その時、向こうから誰かが走ってくる足音が聞こえた。
「何やってるんだ!」
走ってきたのはテオドールだった。とても急いで戻ってきてくれたようで息があがっている。
「あ、ごめんなさい。足が痛くなって少し休んでいたの」
「どうしてすぐに言わなかったんだ」
「…これ以上迷惑をかけるのが申し訳なくて…」
テオドールは大きくため息を吐いた。
「歩けそう?」
「うん、ゆっくりなら歩けると思う」
「仕方がない。のって」
「えっ!でも…」
ヴェネットの様子を見たテオドールはくるりと背を向けるとしゃがんでみせた。
「いいから、早く。みんな心配してる」
「ごめんなさい」
ヴェネットはテオドールの言葉に甘えて背にのせてもらう。
「ひとつあれば十分だったのにどうして植物を採ろうとしたんだ?」
「テオが…テオドール様が好きだと言っていたからプレゼントしたら喜んでくれると思って」
「いらない。こんなことになるのは本当に迷惑だし……もう2度とやめてくれ」
「…はい。ごめんなさい」
それ以降テオドールは無言でヴェネットを背負ったまま歩く。
前を向いて歩くテオドールがどんな顔をしているかわからないけど、きっと心底ヴェネットのことを呆れているのだろう。
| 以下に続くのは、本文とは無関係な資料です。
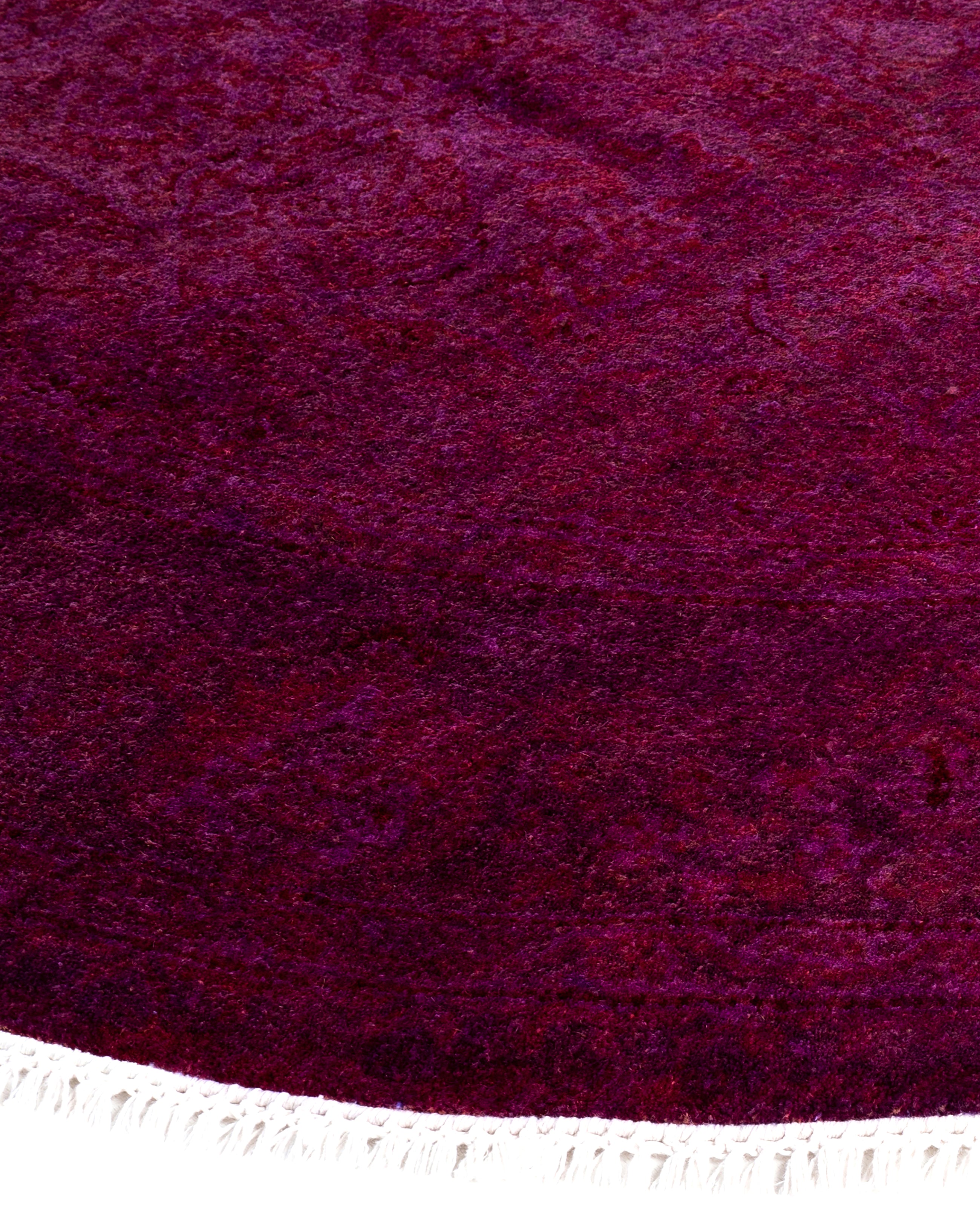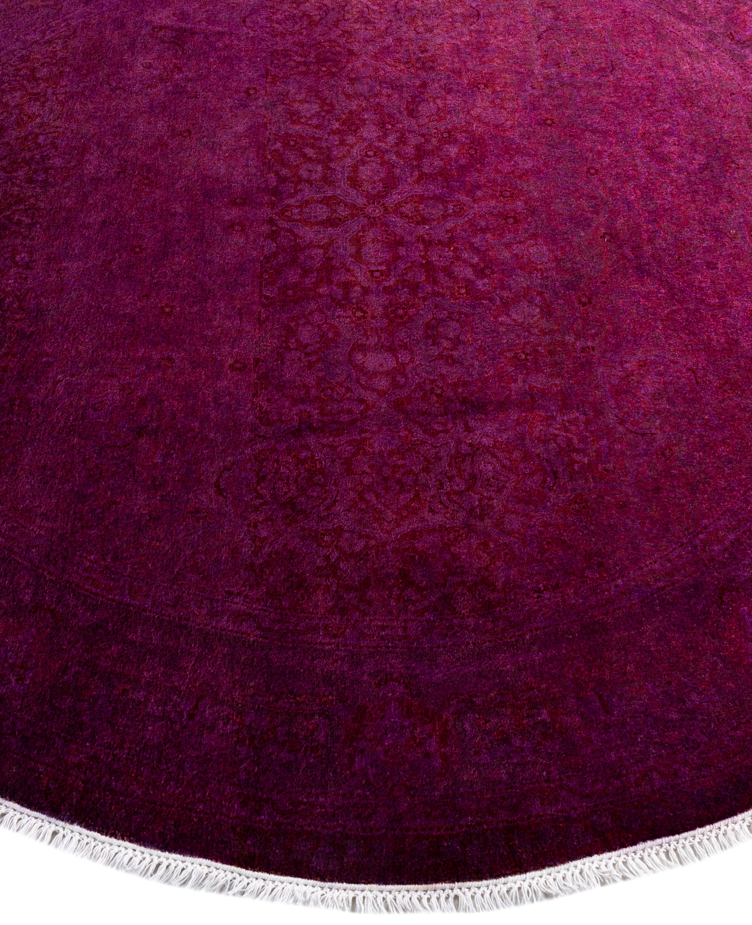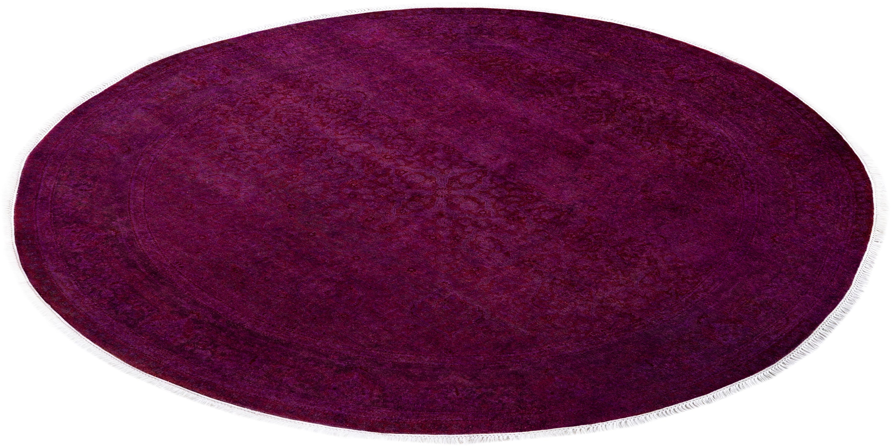 Contemporary Overdyed Wool Hand Knotted Purple Round Area Rug 6' 1" x 6' 1"
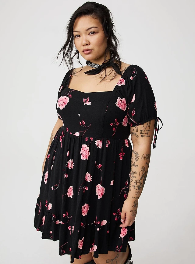 AE Puff Sleeve Tie Front Plaid Mini Dress
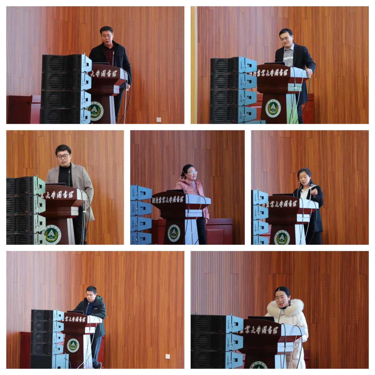 青年博士教师林晖、王燃、李涛、谢慧、刘凤琴、史雪盟、胡延如分别以“新型单加氧酶的挖掘、改造及应用”“作物萜类物质合成关键酶GGPPS的理性设计”“玉米种子拟轮枝镰孢菌抗性代谢物的鉴定及上游调控机制研究”“黄粉虫对黄曲霉毒素的转化及解毒机制解析”“长期芦苇收割对盐碱湿地温室气体排放及其相关微生物功能基因的影响”“棕榈酰化翻译后修饰在宿主免疫病毒感染中的调控机制研究”“Sirt2介导的去乙酰化修饰调控糙皮侧耳热胁迫抗性的作用研究”为题分享了各自科研团队研究进展。
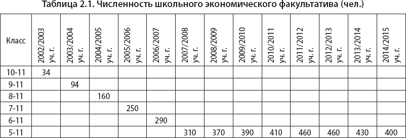К 2014/2015 уч. г. численность обучающихся очного факультатива НОЦ составила 400 школьников 5 – 11 классов (табл. 2.1)[29].
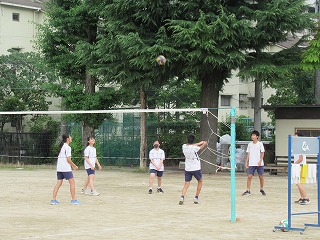 3年生はグランドで元気よくバレーボールです。暑くもなくちょうどいい天気で,男女混合チームで円陣パスをしています。ボールを落とさないように,慎重に声を掛け合いながら続けていました。さすが3年生,ずいぶん続いていました。
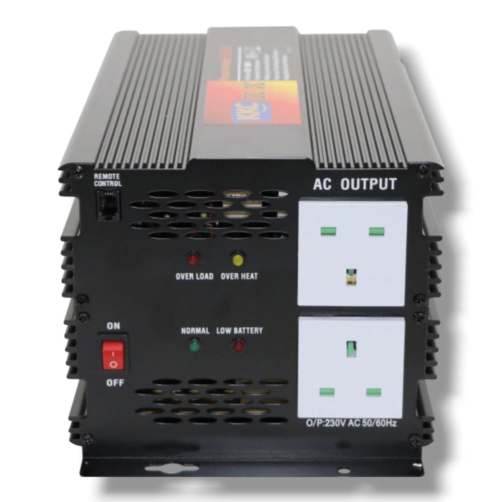 محول طاقة شمسية تايواني 4000 واط/ 24 فولت تبديل خط التيار المتردد تلقائيًا تشغيل تلقائي للمروحة جهد الاخراج : 230 V القوة : 4000 W الهرتز : 50 / 60 Hz صوت إنذار انخفاض البطارية وإغلاقها إنذار ارتفاع درجة الحرارة الضمان: سنتين
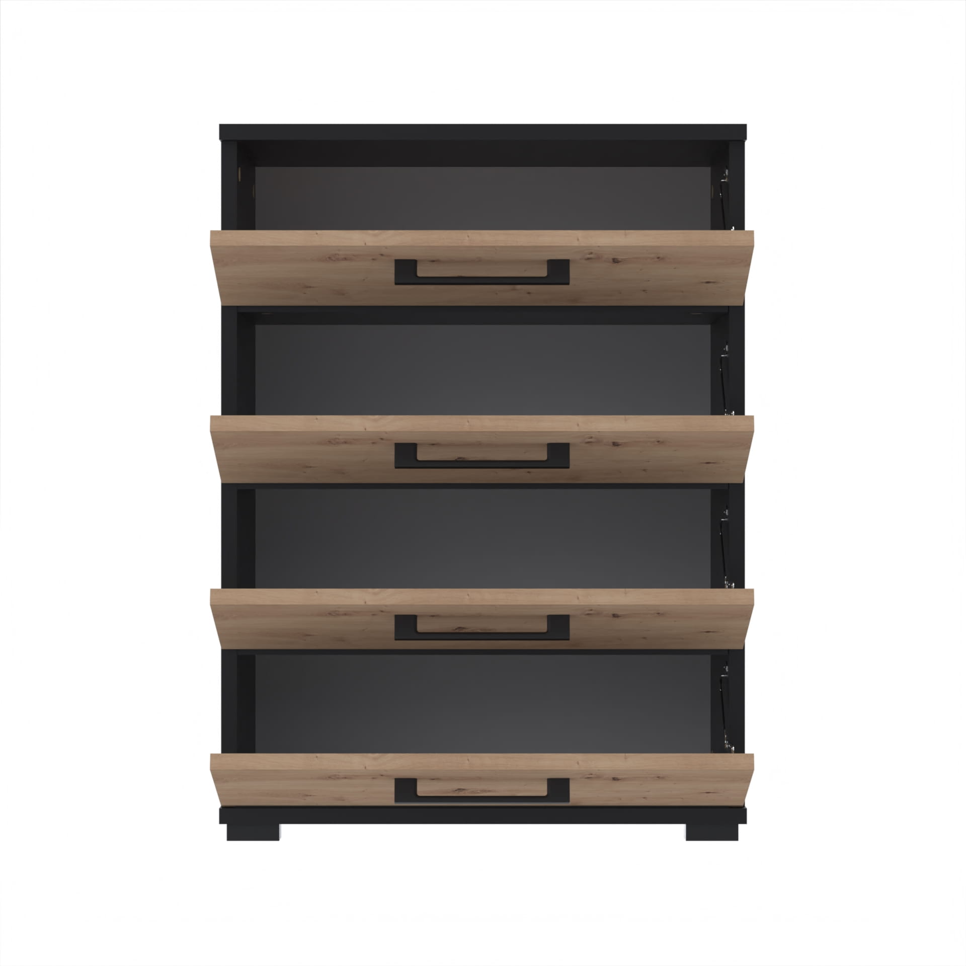 - Pojemność i Praktyczność: Wyposażona w cztery przestronne półki, szafka pomieści dużą liczbę par butów, utrzymując porządek i łatwy dostęp.
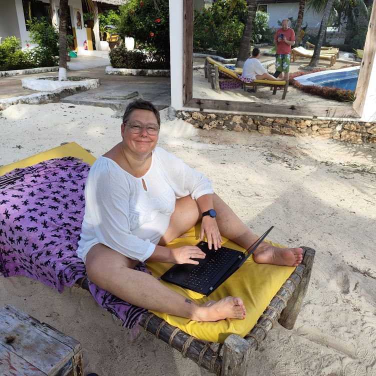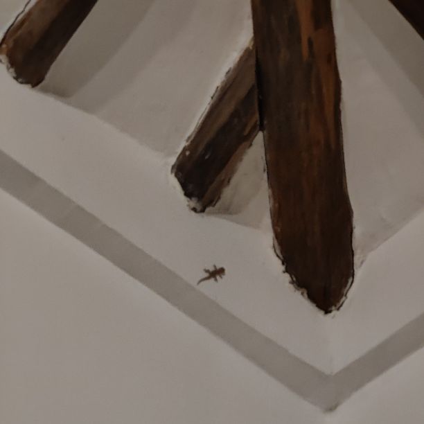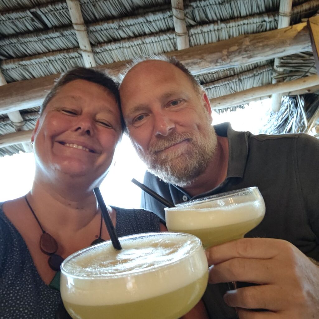 Am Nachmittag lösen wir unsere Massagegutscheine ein, die wir zur Hotelbuchung dazubekommen haben. Direkt unter dem Restaurant hat sich im Schutz der Felsen eine Masseurin niedergelassen. Auf pulverweißem Sand steht ein bequemer Massagetisch. Eine Dreiviertelstunde dauert die Wohltat, bei der Schultern, Arme, Handfläche, Beine, Fußsohlen und Hals mithilfe starker afrikanischer Hände und einer Menge Kokosöl durchgeknetet werden. Dann genießen wir die Abendsonne und gehen früh duschen. Es gibt Stromausfall und weder der Durchlauferhitzer noch die Klimaanlage funktionieren. Die Küche und das Restaurant haben dank einer Solaranlage Strom und unserem Abendessen steht nichts im Wege. Wir trinken einen Cocktail mit Ananas- und Limettensaft als Aperitif und essen Meeresfrüchte-Curry mit Reis (Christoph) und sautierte Calamari mit Rosmarin-Ofenkartoffeln (Claudia). Zum Abschluss gönnen wir uns ein Stück des großartigen selbstgemachten Schokokuchens. Es ist noch früh, unser Zimmer-Gecko, der schon die ganze Zeit bei uns wohnt, ist hyperaktiv und flitzt im gesamten Appartement herum. Jetzt wird noch der Blog von der Blauen Lagune geschrieben, dann sehen wir uns einen Netflix-Film an. Kaum zu glauben, aber die erste Halbzeit unseres Urlaubes ist um! Morgen machen wir noch so einen Fauli-Tag wie heute.
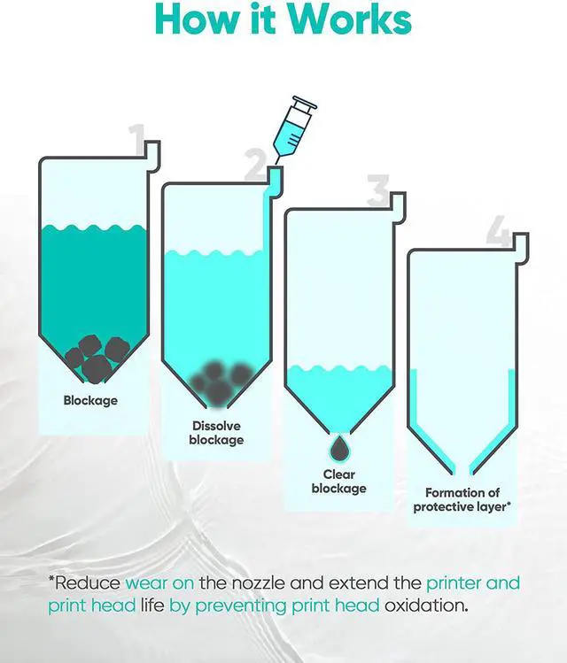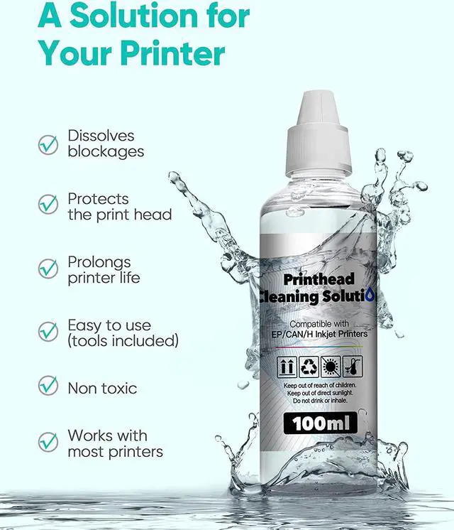 Cleaning Ability: Printer Head Cleaning Kit helps fix the problem of discoloration or poor printing result caused by clogged print head, The degradation factor can strongly dissolve the hard block and other soluble impurities left after the ink harden
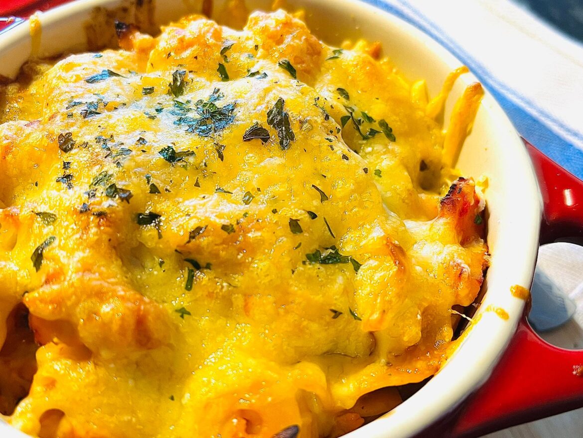 NOTE:Â If the pan becomes a little dry, add some of the pasta water to loosen off the mixture. - Spoon the pasta mix into individual oven proof bowls and cover each bowl with 40 grams of reduced fat cheddar cheese.
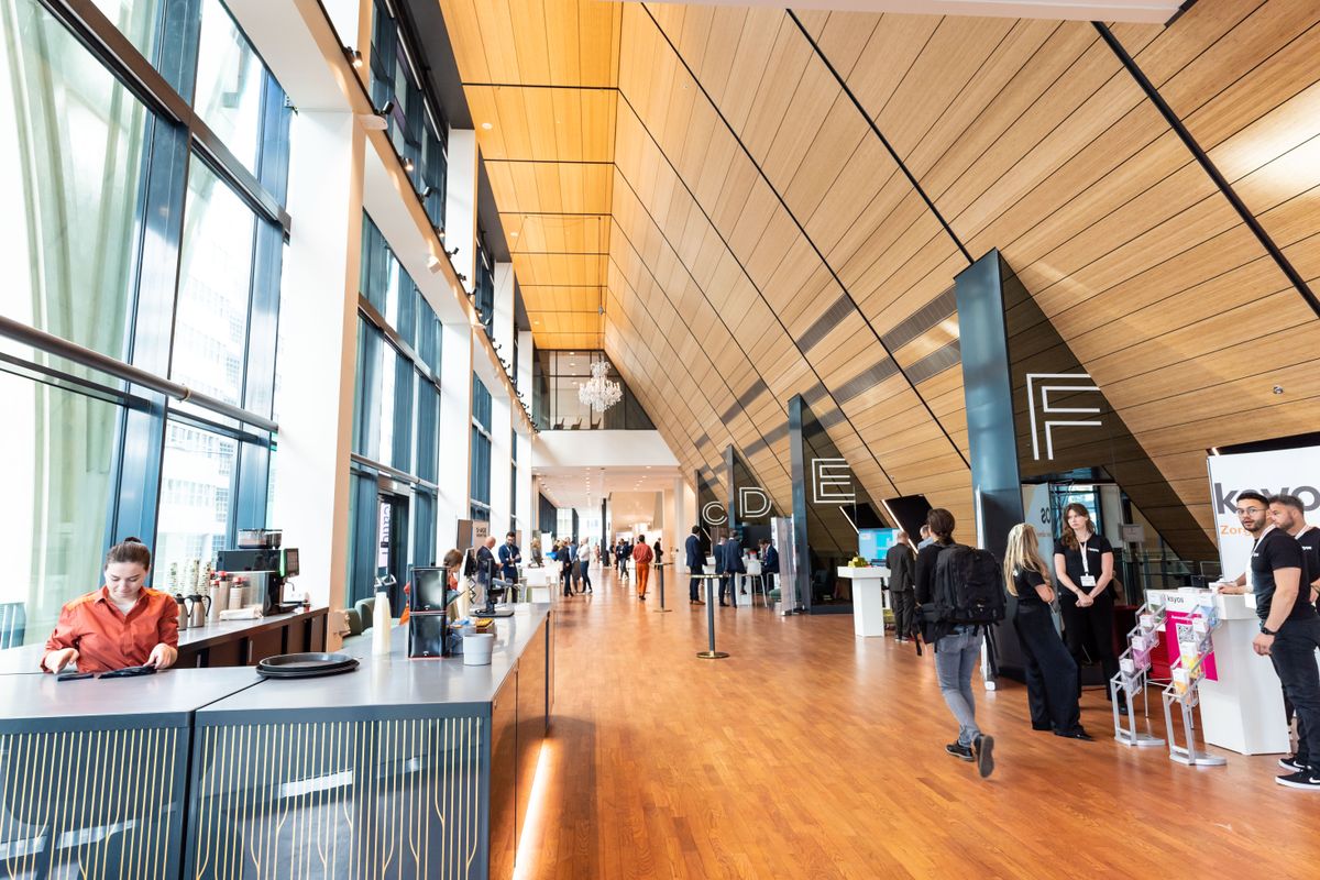 The Spinoza Foyer is available for rentals and for invitees of the Danstheater. It is located on the 1st floor, at the end of Foyer 1. The 1st floor can be reached by escalator, the four passenger lifts, or the Tribunetrap. The foyer has a level floor and has a wheelchair accessible toilet with an access of at least 90 cm wide.
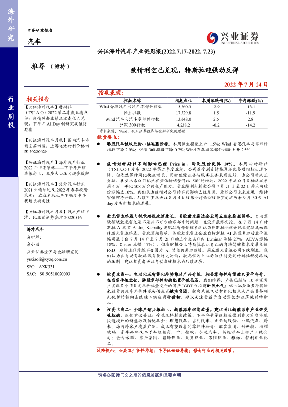 【兴业证券】【20220724】疫情利空已兑现,特斯拉迎强劲反弹-16页

大好きなテオドールに迷惑をかけたい訳じゃないのに。ヴェネットの行動はいつもテオドールを不機嫌にさせてしまう。きっとヴェネットが距離をとれば済むことなのにまだ諦めがつかない。
どうやらヴェネットは自分で思っていたよりも、もっとずっとテオドールのことが好きだったようだ。